Now, in the following sections, we will be looking at ways to download files from a URL using third-party libraries instead of core Java functionality components.

Apache Commons IO

The Apache Commons IO library offers a list of utility classes to manage IO operations. Now you may be thinking why would we use this when Java has its own set of libraries to handle IO operations. However, Apache Commons IO overcomes the problem of code rewriting and helps avoid writing boilerplate code.

In order to start using the Apache Commons IO library, you will need to download the jar files from the official website. When you are done downloading the jar files, you need to add them to use them. If you are using an Integrated Development Environment (IDE) such as Eclipse, you will need to add the files to the build path of your project. To add files to your project you would need to right click on it, select build path option by navigating through "configure build path-> build path", and then choose the add external archives option.

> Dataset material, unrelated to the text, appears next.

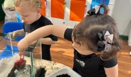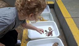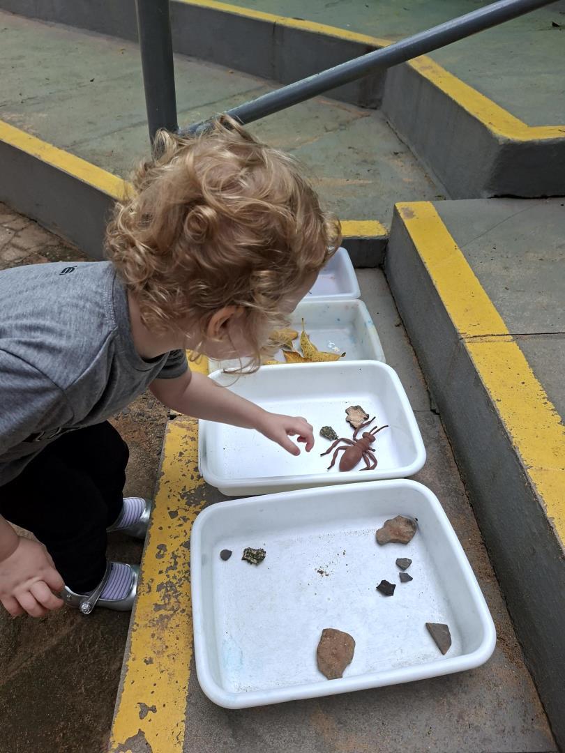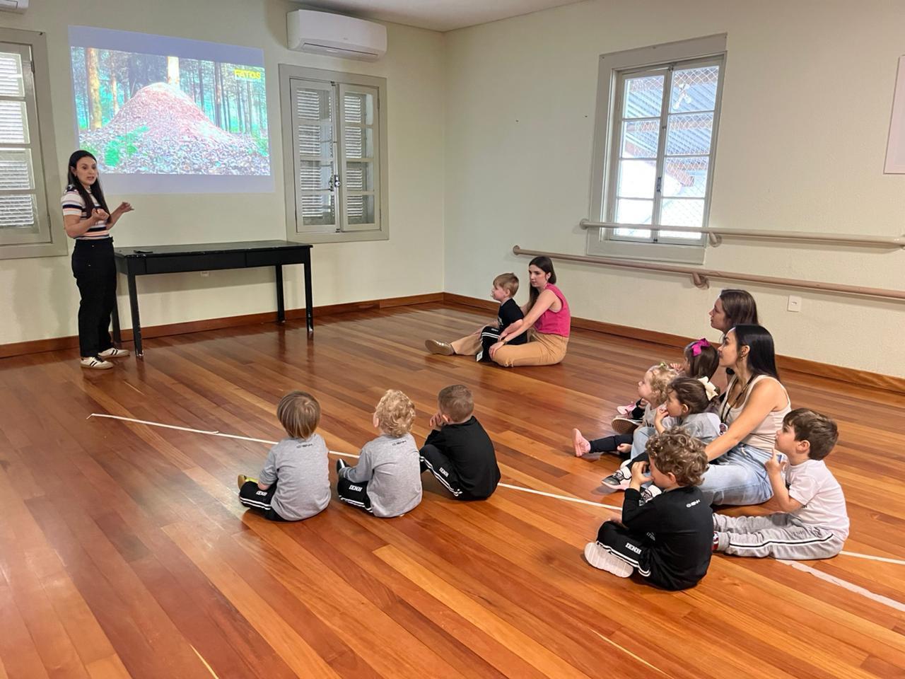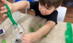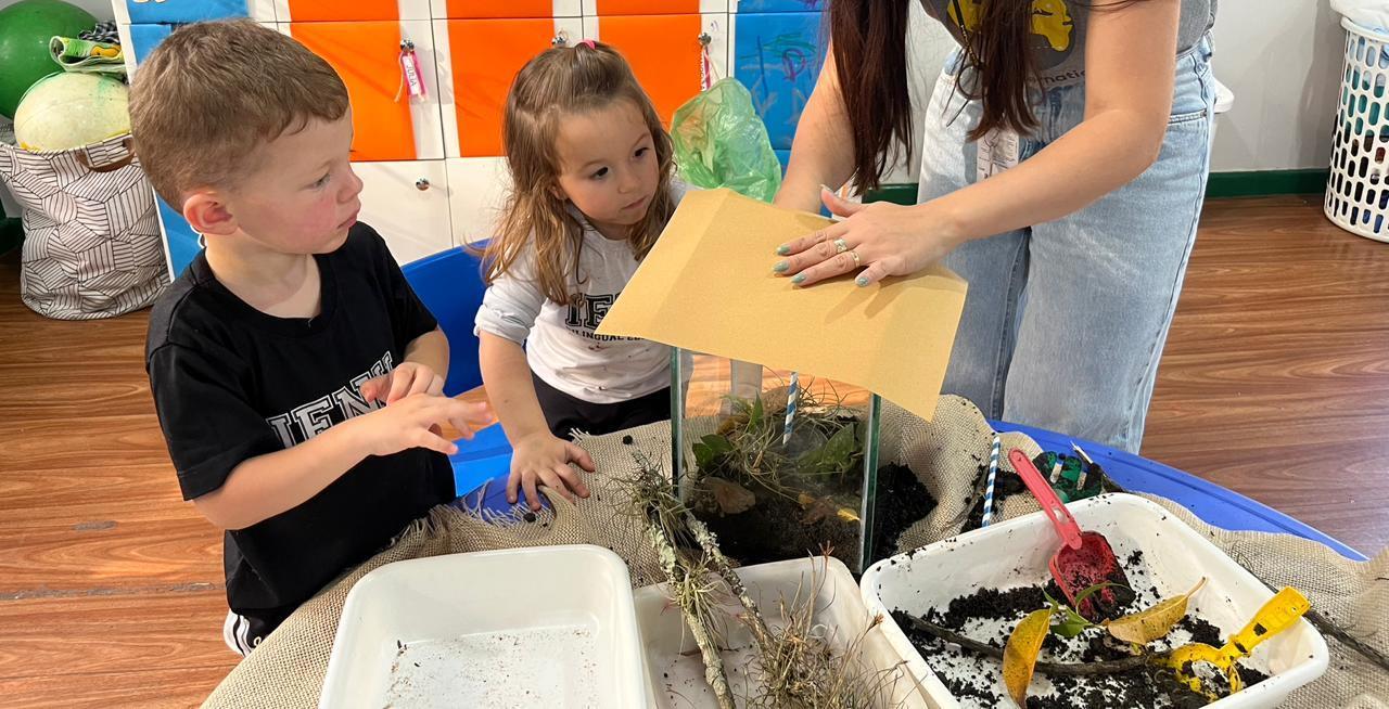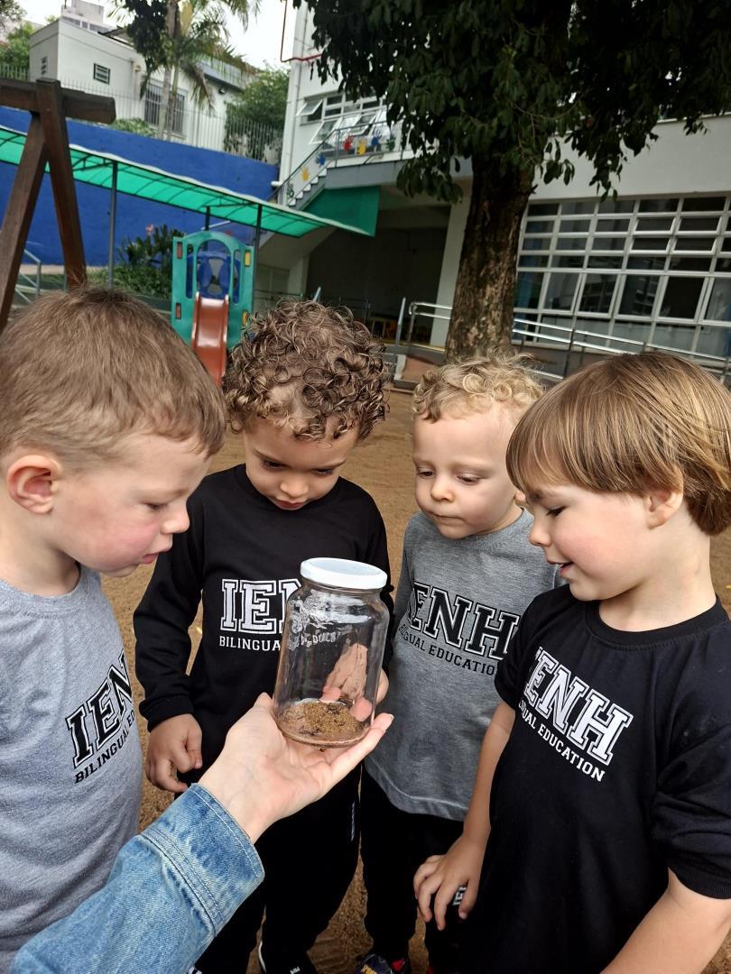 Ao longo da semana, os estudantes exploraram o universo das formigas e de seus formigueiros por meio de diferentes atividades. Assistiram a vídeos educativos, cantaram a canção tradicional “The Ants Go Marching”, observaram formigas no pátio e coletaram elementos da natureza para compreender mais sobre o habitat desses pequenos insetos.

To download a file from a given URL using the Apache Commons IO we will require the FileUtils class of the package. There is only a single line of code required to download a file, which looks like:

FileUtils.copyURLToFile(  
  new URL("http://example.com/my-file-path.txt"), 
  new File("/Users/username/Documents/file_name.txt"), 
  CONNECTION_TIMEOUT, 
  READ_TIMEOUT);

The connection and read timeouts convey the permissible time for which either the connection may stay idle or reading from the URL may stop.

Another class of the Apache Commons IO package that can be used to download a file over the internet is the IOUtils class. We will use the copy(inputStream, fileOS) method to download a file into the local system.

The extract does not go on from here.